Nunca había leído nada de la pluma de Won-pyung Sohn, pero he de decir que me ha dejado gratamente sorprendida. Tiene una forma de describir con pocas palabras, pero tan bien escogidas, que te llega al alma. Con los personajes ocurre lo mismo. A pesar de que el estilo no es nada enrevesado, los lectores nos vemos transportados a una Korea poética y preciosa, aunque cruda y real. El protagonista no sólo se ve envuelto en un acontecimiento traumático, sino que además se verá ahogado por las facturas y el trabajo que le supone la librería. Con la ayuda de el panadero que vive encima, y un profesor de literatura que le pide que se haga pasar por su hijo desaparecido en el lecho de muerte de su esposa, Yunjae consigue salir adelante. Hasta que, el día del funeral de dicha mujer, Gon aparece. La narración está dividida por tanto en esas dos partes. Por un lado tenemos el comienzo, la historia de Yunjae y su madre y abuela, su condición y esa extraña obsesión por comer almendras para favorecer el crecimiento de su amígdala, un hecho estrechamente relacionado con el hecho de que no pueda comprender los sentimientos. Y por el otro lado está su vida tras el incidente y la aparición del hijo del profesor, aquel al que le había usurpado la identidad durante apenas unos minutos. Tras este momento, una extraña amistad comienza a formarse, y no solo vemos como su relación con Gon lo hace avanzar en sus estudios del comportamiento humano, sino que también vemos cómo Yunjae descubre nuevas emociones e incluso descubre lo que es el primer amor.

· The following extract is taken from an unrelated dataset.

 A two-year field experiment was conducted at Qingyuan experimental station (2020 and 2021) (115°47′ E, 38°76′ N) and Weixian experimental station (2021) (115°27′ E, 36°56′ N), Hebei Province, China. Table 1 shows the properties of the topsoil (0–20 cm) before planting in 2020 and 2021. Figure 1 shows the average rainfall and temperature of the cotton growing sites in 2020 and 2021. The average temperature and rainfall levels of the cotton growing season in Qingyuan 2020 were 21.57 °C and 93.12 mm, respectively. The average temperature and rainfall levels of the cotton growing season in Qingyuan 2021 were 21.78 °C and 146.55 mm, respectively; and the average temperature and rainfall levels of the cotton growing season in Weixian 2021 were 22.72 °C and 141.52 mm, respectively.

El personaje de Gon me parece impresionante. Por supuesto, el protagonista es genial y está muy bien descrito e interpretado, pero la némesis de Yunjae es increíblemente  interesante. Gon es uno de esos personajes sobre cuyo pasado no sabemos demasiado y que, además, entran en la vida de los protagonistas como un huracán. Es maleducado, obsceno y está en contra de toda autoridad. Desde que desapareció cuando era muy pequeño, ha vivido en diversas casas de acogida, con familias que lo maltrataron, se ha juntado con malas compañías... Por lo tanto, el chico es un verdadero delincuente juvenil, siempre metido en líos. En cambio, a medida que vamos leyendo, Won-pyung Sohn, en un acto de complicidad con el lector, deja ver que el pequeño Gon no es como todo el mundo dice, sino que es mucho más profundo. Me ha interesado sobremanera este personaje por eso precisamente; me ha hecho reflexionar. A Gon se lo juzga durante todo el libro por ser un niño indómito y encolerizante. Empero, nunca se lo escucha o intenta comprender. Como sabréis si lo habéis leído, Gon es, en realidad, un chico de lo más sensible y leal, que además ha sufrido muchísimo y por ello tiene una relación complicada con su padre. Aunque eso ya lo dejo a vuestro juicio.

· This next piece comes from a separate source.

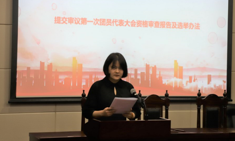 院团委组织部熊舟影同学向大会提交审议第一次团员代表大会资格审查报告及选举办法,并由唐柳向大会提交审议团委委员候选人名单及参加第四次校团代会代表候选人名单。

Si os gustan las novelas descriptivas pero austeras, con personajes entrañables y acción de lo más emotivo, Almendra es una novela estupenda. Como os he dicho, es muy emotiva y no negaré que he llorado varias veces durante la historia. De todas formas, la he disfrutado tanto, que la leí de una sentada, en apenas un día. La novela cuenta con 201 páginas, así que es bastante ligera. Además, muy cerquita del final, hay un plot twist que me dejó loca... ¡Ya me contaréis! 

¿Qué os ha parecido? ¿Lo habéis leído? ¿Planeáis hacerlo? ¡Os leo en los comentarios!